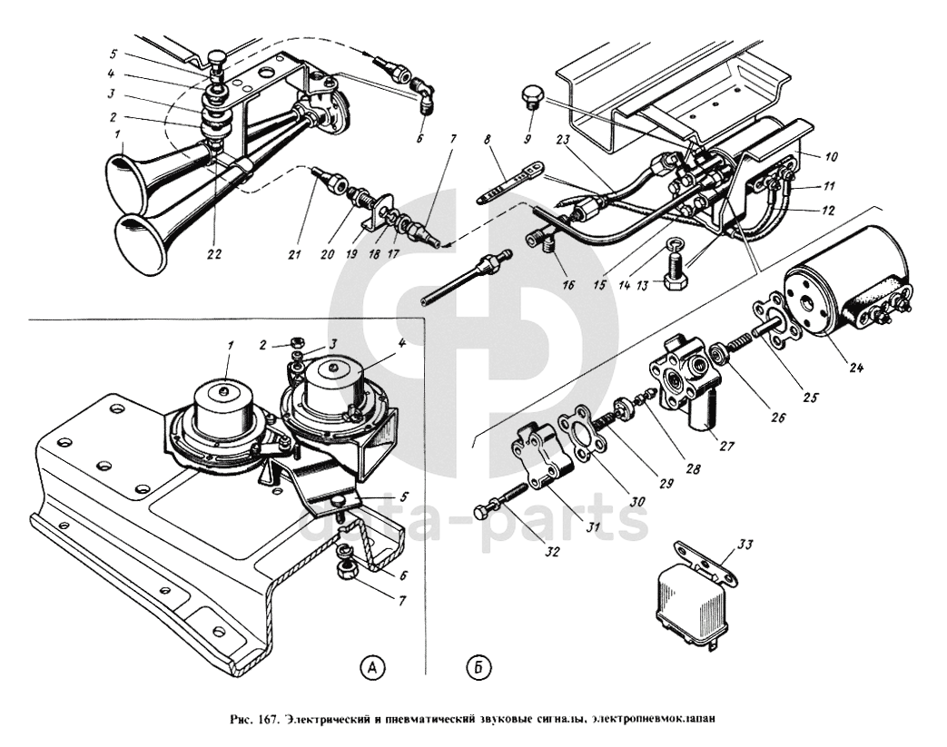 Электрический и пневматический звуковые сигналы, электропневмоклапан
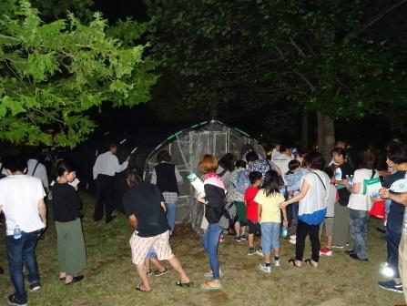 7月13日(金)に石巻浄化センターでホタル観賞会を開催しました。6月26日より当浄化センターのホタルハウスでヘイケボタルが羽化し、7月5日に10匹を超えるホタルの飛翔が確認できたので、市民の皆様をお招きしました。参加者は新聞広告の影響もあり小さいお子様からご年配の方々まで350名となり「ホタルを初めてみました!」「ホタルの光が綺麗で感動しました!」という感想をいただきました。今年で2回目となる観賞会でしたが、この活動を皆様に喜んでいただければ幸いです。
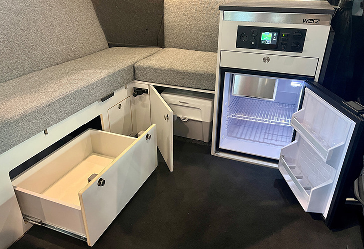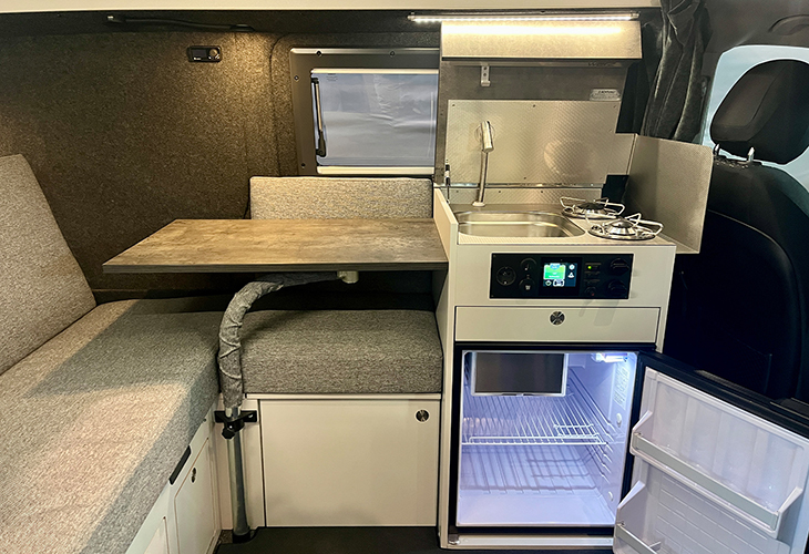Het keukenblok is compact, maar biedt alles wat een kampeerder nodig heeft. Dat is onder meer een compressorkoelkast met een inhoud van 62 liter. Daarboven een vierkante spoelbak en twee gaspitten.
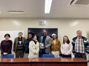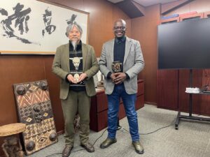 ケープタウン大学ビジネス大学院の上級講師、ミンガ・コンゴ博士が来日し、研究科長室を表敬訪問しました。コンゴ博士と梅屋研究科長とは、ケープタウン大学との二度にわたる二国間交流事業で共同研究をしてきており、その成果である2冊の論文集にともに寄稿している、大変縁の深い研究者です。同日夕刻にセミナーを実施しました。国際協力研究科からもボツワナ、ベナンからの留学生が参加し、急にきまったセミナーとしては成功裏に終わりました。
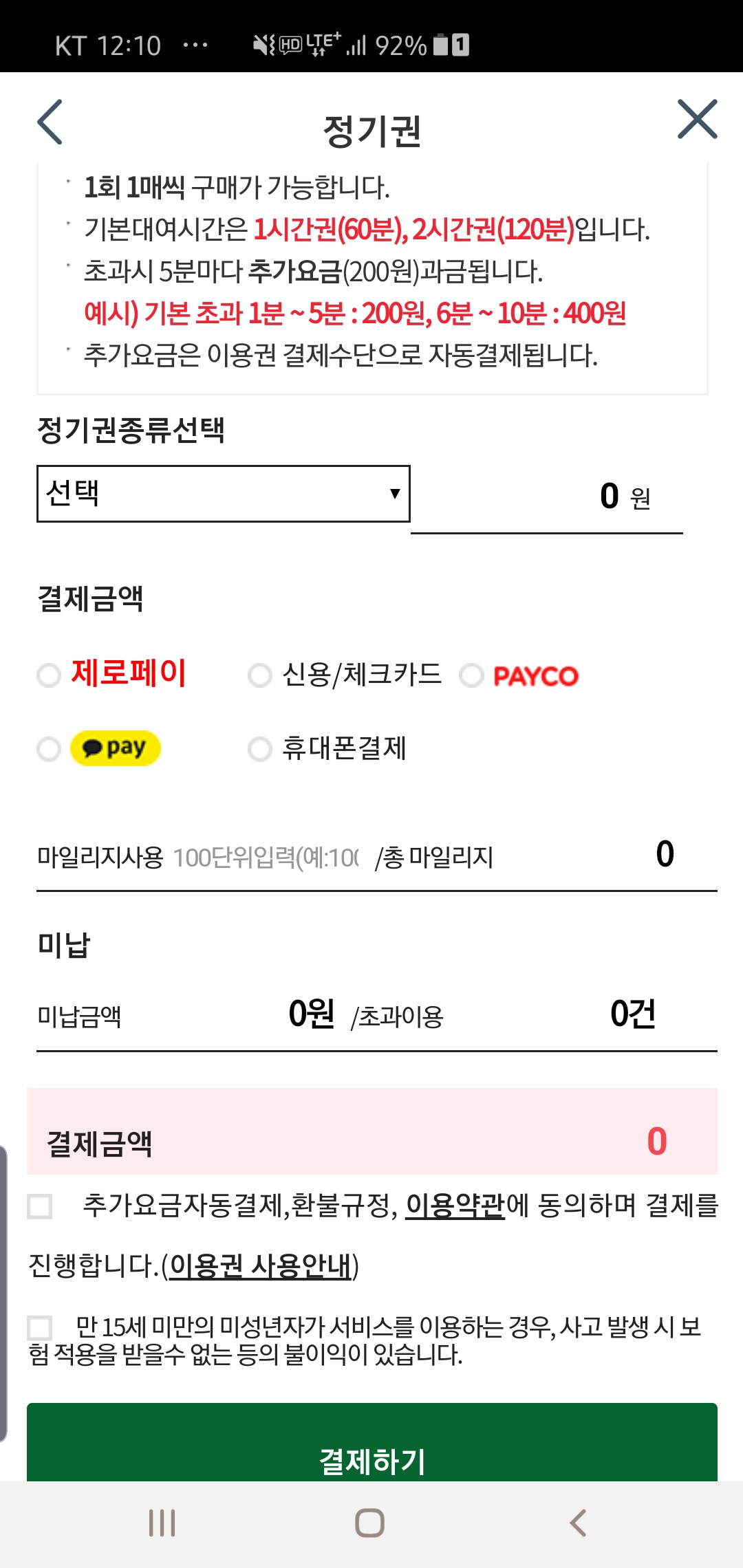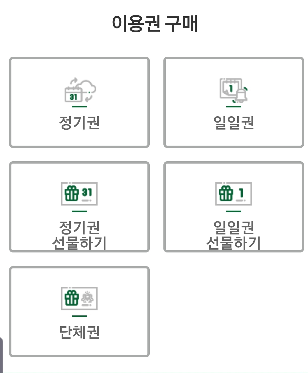 3. 메뉴로 들어가서 결제를 합니다.(정기권과 일일권 중 골라서 결제합니다.)
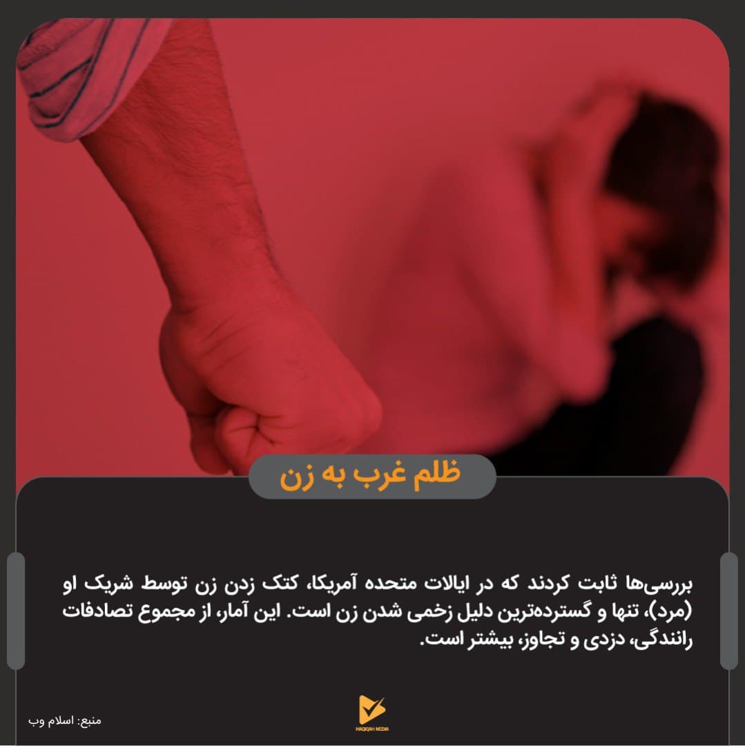 بررسیها ثابت کردند که در ایالات متحده آمریکا، کتک زدن زن توسط شریک او (مرد)، تنها و گستردهترین دلیل زخمی شدن زن است. این آمار، از مجموع تصادفات رانندگی، دزدی و تجاوز، بیشتر است. منبع: اسلام وب
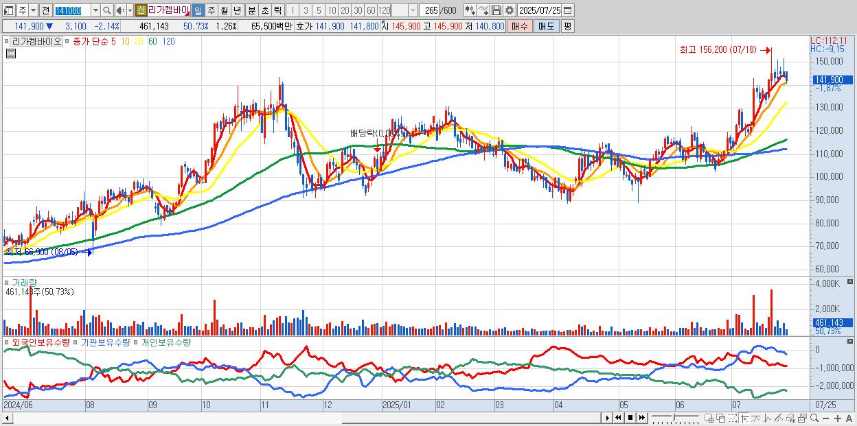 - 리가켐바이오 (141,500원 ▼ -2.41% , 시총: 51,804억, 외국인 순매수 거래금:136억)

*What you will do*: Repeat the data in full, exactly as it stands, but drop every picture.

*Final answer*:
 Электрический и пневматический звуковые сигналы, электропневмоклапан
 7月13日(金)に石巻浄化センターでホタル観賞会を開催しました。6月26日より当浄化センターのホタルハウスでヘイケボタルが羽化し、7月5日に10匹を超えるホタルの飛翔が確認できたので、市民の皆様をお招きしました。参加者は新聞広告の影響もあり小さいお子様からご年配の方々まで350名となり「ホタルを初めてみました!」「ホタルの光が綺麗で感動しました!」という感想をいただきました。今年で2回目となる観賞会でしたが、この活動を皆様に喜んでいただければ幸いです。
Het keukenblok is compact, maar biedt alles wat een kampeerder nodig heeft. Dat is onder meer een compressorkoelkast met een inhoud van 62 liter. Daarboven een vierkante spoelbak en twee gaspitten.
 ケープタウン大学ビジネス大学院の上級講師、ミンガ・コンゴ博士が来日し、研究科長室を表敬訪問しました。コンゴ博士と梅屋研究科長とは、ケープタウン大学との二度にわたる二国間交流事業で共同研究をしてきており、その成果である2冊の論文集にともに寄稿している、大変縁の深い研究者です。同日夕刻にセミナーを実施しました。国際協力研究科からもボツワナ、ベナンからの留学生が参加し、急にきまったセミナーとしては成功裏に終わりました。
 3. 메뉴로 들어가서 결제를 합니다.(정기권과 일일권 중 골라서 결제합니다.)
 بررسیها ثابت کردند که در ایالات متحده آمریکا، کتک زدن زن توسط شریک او (مرد)، تنها و گستردهترین دلیل زخمی شدن زن است. این آمار، از مجموع تصادفات رانندگی، دزدی و تجاوز، بیشتر است. منبع: اسلام وب
 - 리가켐바이오 (141,500원 ▼ -2.41% , 시총: 51,804억, 외국인 순매수 거래금:136억)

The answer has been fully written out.